Does anyone have any suggestions of how to speed up this code ?
It is a convolution algorithm using the overlap-save method… Im using it
in a reverb plugin. The variables passed to the device from the CPU through
the external function contain the following:
a = audio buffer (real-time) / F domain / one block of size 2N / where N = audio buffer size
b = long impulse response / F domain / multiple blocks of size 2N
c = circular buffer / initial condition = empty / stores the convolution result(s) / only used in the device
No unnecessary allocations or memory copies are made I think. The only array that is being continuously
allocated, copied (hosttodevice), copied back (devicetohost) and freed is the input real time buffer.
I’ve tried using shared memory (see commented code in conv kernel…) but doesn’t make any difference.
My threadblocks are also usually too large to pre-allocate equivalent shared memory.
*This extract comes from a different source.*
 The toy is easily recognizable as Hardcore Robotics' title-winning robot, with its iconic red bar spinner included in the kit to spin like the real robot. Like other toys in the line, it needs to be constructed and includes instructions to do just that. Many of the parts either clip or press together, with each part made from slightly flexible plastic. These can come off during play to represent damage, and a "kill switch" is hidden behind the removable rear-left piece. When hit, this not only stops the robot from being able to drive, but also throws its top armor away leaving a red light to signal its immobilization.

I’ve read that pinned memory can speed up CPU-GPU data exchange but my card doesn’t have any…
I’m really a beginner in GPU stuff… so I think the device code is a bit naive and maybe
can be further optimized.
The code is attached. Any suggestions are more than welcome…
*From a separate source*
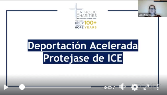 Immigration lawyers at Catholic Charities have posted, in Spanish and English, the webinar shown on this page to explain immigrants’ rights under existing ICE rules on expedited removal. The policy went into effect on October 20, 2020. ICE uses expedited removal to quickly deport people without allowing them to first see an immigration judge.

as these are only being used by the current thread. apparently there is some evidence that registers are actually quicker then shared memory (contrary to programming guide) as the CUFFT library has seen speed up by using registers instead of shared mem.
Also, shouldn’t converting the buffers to and from the frequency domain be done on the GPU also?
in overlap kernel all threads do a division to produce a constant value q. even threads that don’t actually do any work.
on the host side code, you might consider creating another function to setDevice surely this should only be called once.
it might also be worth while allocating ‘permanent’ buffers for a, b, & c. could just make them extra large. allocating takes
a long time! additionally memory transfers are better off being coalesced, rather than this left right business. can i assume
these are coming from something like processReplacing(float**,float**,sampleFrames) ? it’s still worth sticking them together
as memory transfers are quicker for larger buffers for some reason. have a quick check with bandwidthTest.exe in the NVIDIA SDK if you don’t believe me. -BTW this sample program is seriously flawed unless you increase the number of iterations (#define NUM_ITERS if i remember correctly) as this is set to only 10. I had some issues with this.
Incidentally, i think i’m trying to do exactly the same thing as you. Currently working on a VST effect, and basically using GPU to do all the convolving. It hasn’t been easy so far, but fun! =)